Where an image appears in the data, omit it and reproduce the rest exactly.
* * *
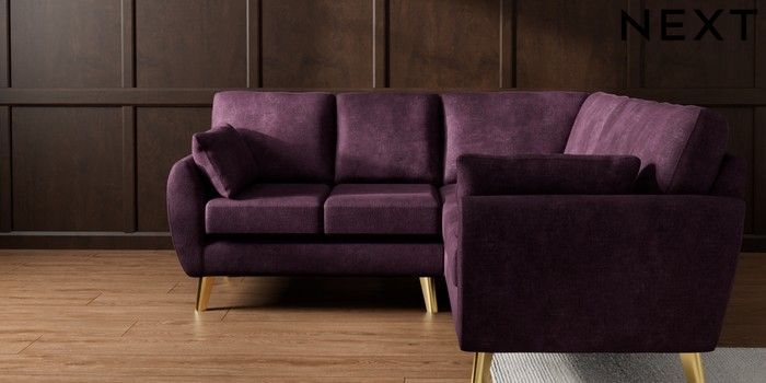 7.3.1 Buy Wilson Small Corner Sofa - Universal Plush Chenille Dark Plum Purple Metal Tapered - Gold from the Next UK online shop
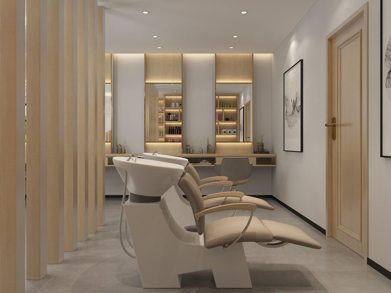 店铺风格多样,选择一个跟养发馆的文化相融合,用心营造专业感、放松感,舒适的氛围??梢栽诖钆渖舷鹿Ψ?,以浅色为主,让客户放下急躁、不安的情绪,避开过于明亮的彩色,以免造成视觉上的刺激感。
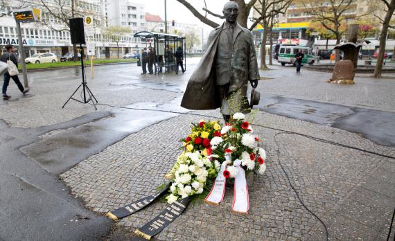Anfangs als Gesellschaft für christlich-demokratische Bildungsarbeit gegründet, wurde die CDU-nahe Stiftung bereits 1965 in Konrad-Adenauer-Stiftung umbenannt. Für den stellvertretenden Leiter der Hauptabteilung Politische Bildung und Leiter der Bildungsforen, Andreas Kleine-Kraneburg, eine gute Entscheidung, stehe der Name der Stiftung für die Politik und Werte Konrad-Adenauers, die noch heute das Leitbild für die politische Arbeit weltweit seien. Stefan Evers, Generalsekretär und stellvertretender Fraktionsvorsitzender der Berliner CDU, würdigte anschließend Konrad Adenauer als einen Persönlichkeit, dem es die Menschen heute zu verdanken haben, hier miteinander in Frieden und Freiheit zu leben. Nach kurzen Ansprachen von Kleine-Kraneburg und Evers vor der Statue Adenauers legten sie Kränze nieder und gedachten in einem stillen Moment eines großen Politikers.
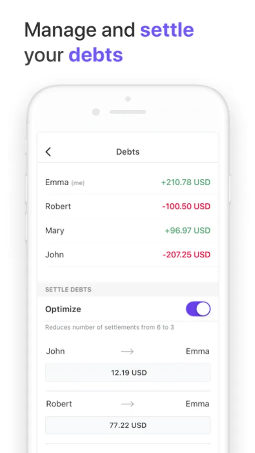 Just input bill details and Spend Together will do all the dirty work for you. It will calculate group debts and suggest optimal payments to settle them up.
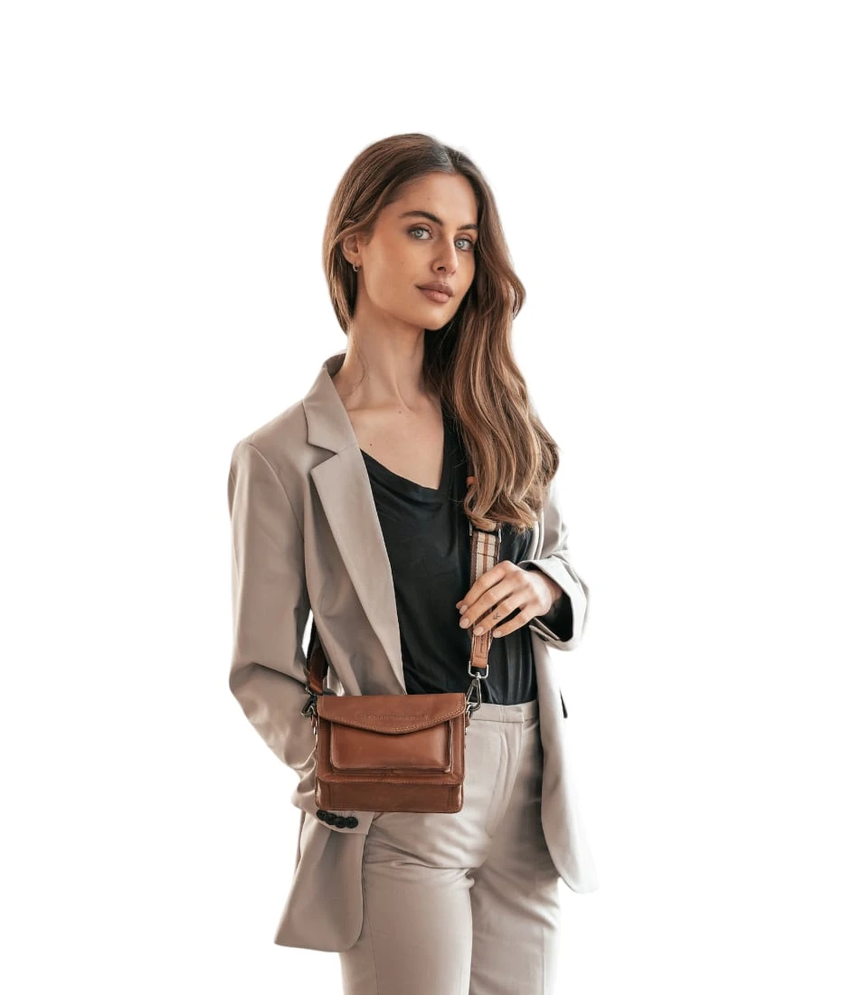 Hihna sopii parhaiten ruskean laukun kanssa, koska siinä on ruskeat nahkaiset yksityiskohdat.
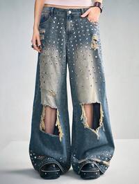 Grunge Punk Frauen Weite Denim mit zerrissenen Reißverschluss-Applikationen, lässig und vielseitig einsetzbar, geeignet für verschiedene Anlässe
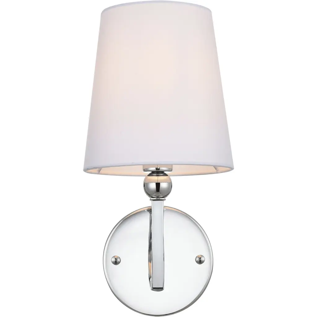 Add A Dash Of Sophistication To Your Walls With The St. Clare Wall Light. A White Half Shade Is Complemented By A Glamorous Polished Chrome Finish. Its Low Profile Design Is Also ADA Compliant.
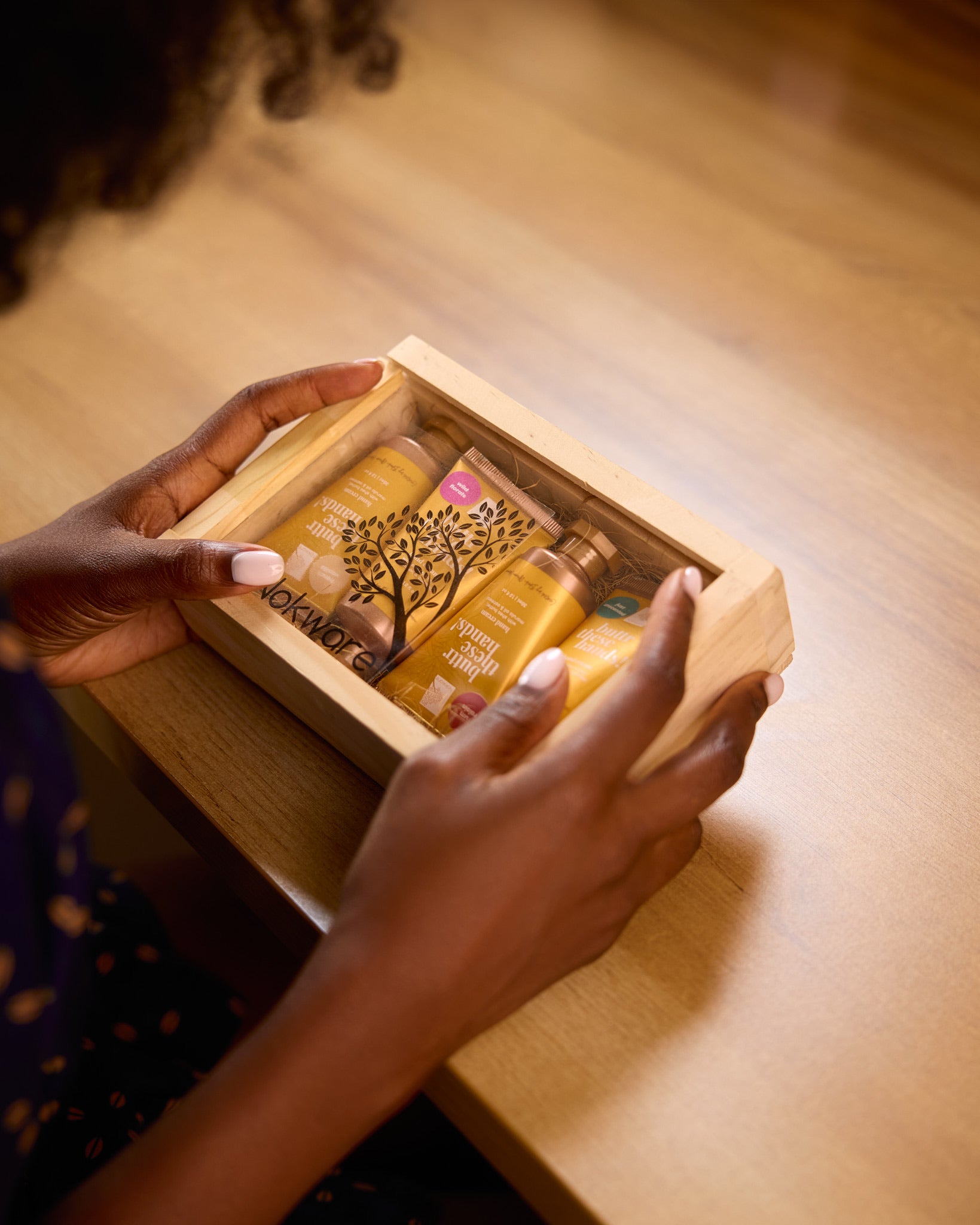 Our corporate boxes bring together Africa’s most trusted skincare staples, handcrafted in Ghana with ethically sourced African ingredients. Each set is beautifully housed in our signature wood keepsake box, handmade by local artisans and designed to be reused long after the last product is finished.
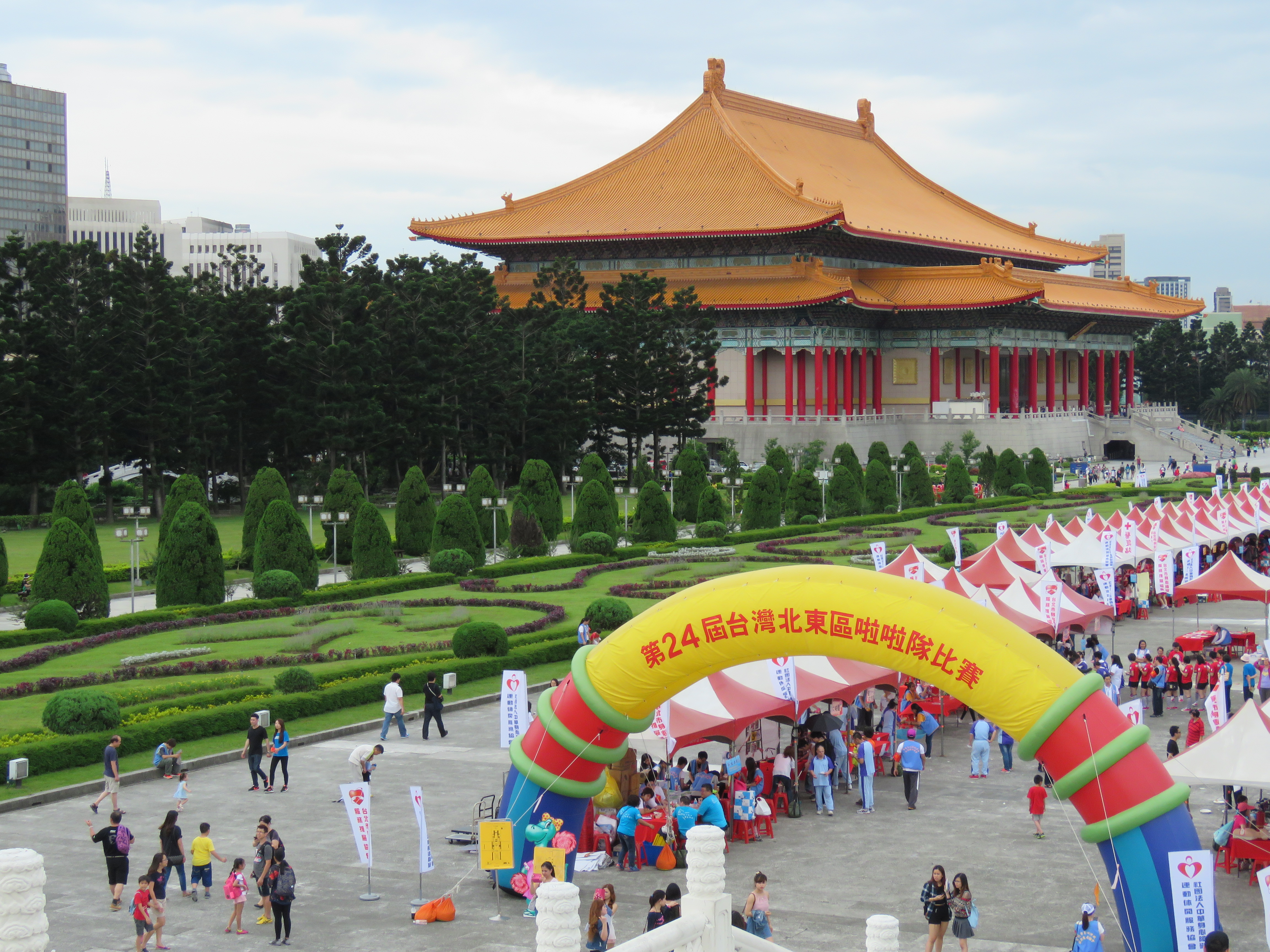 This is a mixture of the big temple building that is more ancient design looking. And then right outside there is the modern carnival on the street. The two don't seem to go together when you look at it from this angle. You can actually see how huge the temple is with the roof when comparing to the smaller sizes of the booths in the carnival. I think this is quite a funny combination of both sitting there together. Do you have the same sentiments as I do?
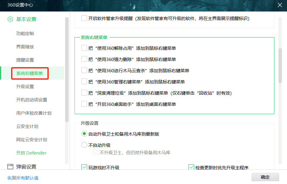 把这些设置都看一看,管一管,基本上能做到和火绒一样的静默效果。
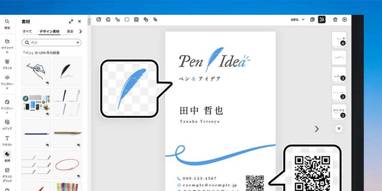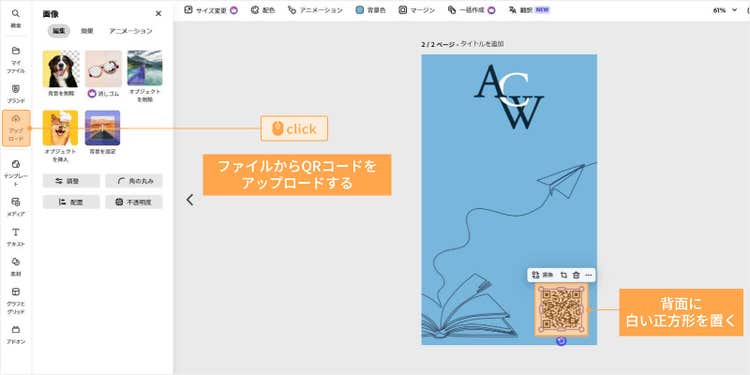 QRコードが生成できたら、編集中のファイルに戻り、名刺の裏面に配置しましょう。「アップロード」で先ほどダウンロードしたQRコードを追加します。
* * *
Answer for the task:
 7.3.1 Buy Wilson Small Corner Sofa - Universal Plush Chenille Dark Plum Purple Metal Tapered - Gold from the Next UK online shop
 店铺风格多样,选择一个跟养发馆的文化相融合,用心营造专业感、放松感,舒适的氛围??梢栽诖钆渖舷鹿Ψ?,以浅色为主,让客户放下急躁、不安的情绪,避开过于明亮的彩色,以免造成视觉上的刺激感。
Anfangs als Gesellschaft für christlich-demokratische Bildungsarbeit gegründet, wurde die CDU-nahe Stiftung bereits 1965 in Konrad-Adenauer-Stiftung umbenannt. Für den stellvertretenden Leiter der Hauptabteilung Politische Bildung und Leiter der Bildungsforen, Andreas Kleine-Kraneburg, eine gute Entscheidung, stehe der Name der Stiftung für die Politik und Werte Konrad-Adenauers, die noch heute das Leitbild für die politische Arbeit weltweit seien. Stefan Evers, Generalsekretär und stellvertretender Fraktionsvorsitzender der Berliner CDU, würdigte anschließend Konrad Adenauer als einen Persönlichkeit, dem es die Menschen heute zu verdanken haben, hier miteinander in Frieden und Freiheit zu leben. Nach kurzen Ansprachen von Kleine-Kraneburg und Evers vor der Statue Adenauers legten sie Kränze nieder und gedachten in einem stillen Moment eines großen Politikers.
 Just input bill details and Spend Together will do all the dirty work for you. It will calculate group debts and suggest optimal payments to settle them up.
 Hihna sopii parhaiten ruskean laukun kanssa, koska siinä on ruskeat nahkaiset yksityiskohdat.
 Grunge Punk Frauen Weite Denim mit zerrissenen Reißverschluss-Applikationen, lässig und vielseitig einsetzbar, geeignet für verschiedene Anlässe
 Add A Dash Of Sophistication To Your Walls With The St. Clare Wall Light. A White Half Shade Is Complemented By A Glamorous Polished Chrome Finish. Its Low Profile Design Is Also ADA Compliant.
 Our corporate boxes bring together Africa’s most trusted skincare staples, handcrafted in Ghana with ethically sourced African ingredients. Each set is beautifully housed in our signature wood keepsake box, handmade by local artisans and designed to be reused long after the last product is finished.
 This is a mixture of the big temple building that is more ancient design looking. And then right outside there is the modern carnival on the street. The two don't seem to go together when you look at it from this angle. You can actually see how huge the temple is with the roof when comparing to the smaller sizes of the booths in the carnival. I think this is quite a funny combination of both sitting there together. Do you have the same sentiments as I do?
 把这些设置都看一看,管一管,基本上能做到和火绒一样的静默效果。
 QRコードが生成できたら、編集中のファイルに戻り、名刺の裏面に配置しましょう。「アップロード」で先ほどダウンロードしたQRコードを追加します。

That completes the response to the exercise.